Это, собственно говоря, конец моей истории. Могучим ветром, заставляющим атомы располагаться в кристаллическую структуру, был поток электрических частиц. Таким образом возник заводской метод, называемый иногда методом Райнера… А помогли мне в этом маленький кораблик с отважной командой и красивой оснасткой да буря в этот вечер в Гамбургском порту. Я никогда никому об этом не рассказывал. На Земле, среди коллег, я не стал бы хвастать этим, но здесь…

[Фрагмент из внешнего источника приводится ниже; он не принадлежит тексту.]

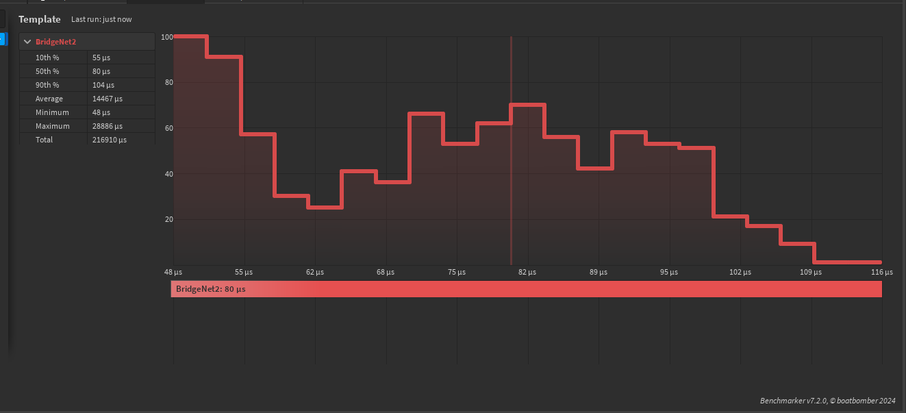 (*Important Note: These benchmark are using the latest version and are using reliable event, the lower number is better, 250 iteration per attempt (total ~251 attempts per run), Specially for "BridgeNet2" here, it run separated because it always appearing bunch of errors and a bit lagging while on benchmark, which this affects to the benchmark results and "BridgeNet2" keep failing on this benchmark where it give result of 0 total packets received to bridge-event server listener.)
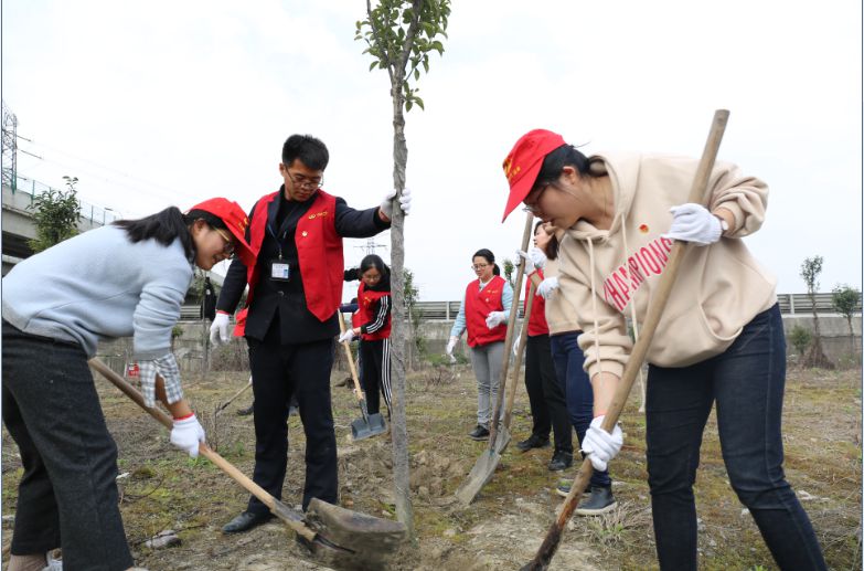 活動現場,志愿者們揮鍬鏟土、定點挖坑、放苗回填,分工協作。經過1個多小時的勞作,大家共栽下新樹苗20余棵。此次植樹活動,進一步提高了團員青年們的環保意識和社會責任感,積極踐行習近平總書記提出的“綠水青山就是金山銀山”的發展新理念,從而達到感恩自然,奉獻愛心的目的。在今后的工作和生活中,團員青年們將繼續發揮生力軍作用,不忘初心,牢記使命,為生態文明建設貢獻自己的青春力量。
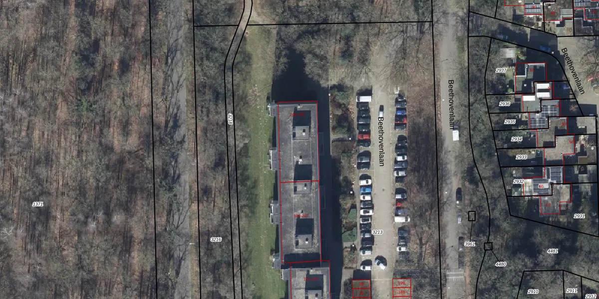 Het perceel waarop Beethovenlaan 235 staat heeft een oppervlakte van 9120 m². Dit is een zeer groot perceel. De perceeloppervlakte wordt geregistreerd door het Kadaster. Gedetailleerde informatie over de maten van dit perceel kunt u vinden in het rapport Kadastrale kaart met maatvoering van Beethovenlaan 235.
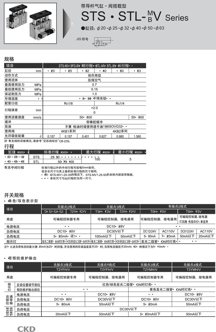 STS-MV1S,STS-MV2S,STS-BV1S,STS-BV2S,STL-MV1S,STL-MV2S,STL-BV1S,STL-BV2S,CKD帶導桿氣缸
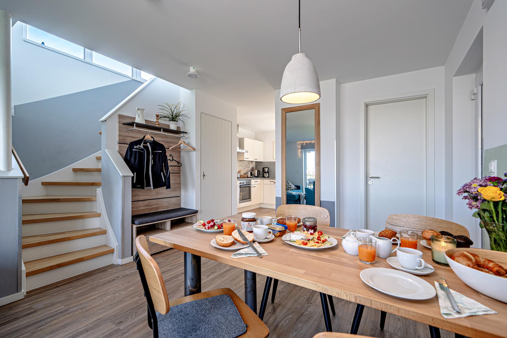 Der Einrichtungsstil des Hauses vereint moderne Eleganz mit maritimem Flair. Natürliche Materialien und harmonische Farbakzente schaffen eine einladende Atmosphäre.

Райнер умолк. После долгого молчания Чандрасекар произнес:

— Это было очень интересно. Прекрасный пример, доказывающий, какое множество разноплановых процессов одновременно происходит у человека в мозгу. Я бы сравнил это с тем, что происходит, когда по улице, где-то далеко, проезжает тяжелый грузовик, а в горке, полной стеклянных и фарфоровых сосудов, отзовется вдруг один из них и тихонько, лениво зазвенит. Этот ответный звук — очевидно, резонанс, но именно так и было с вашим корабликом, коллега Райнер. И как в комнате необходима тишина, чтобы услышать тихий звон сосуда, пробужденного далеким грохотом, так и вам необходим был сон. Он прервал и разъединил глубоко проторенные, замкнутые круги, в которых кружилась, билась ваша мысль, и это помогло ей найти совершенно новые пути. Ваше подсознание уже давно додумывалось до чего-то, когда вы с упорством, достойным лучшего применения, уверяли себя, что ничего не знаете. То есть, конечно, вы не только уверяли себя, вы действительно тогда не знали…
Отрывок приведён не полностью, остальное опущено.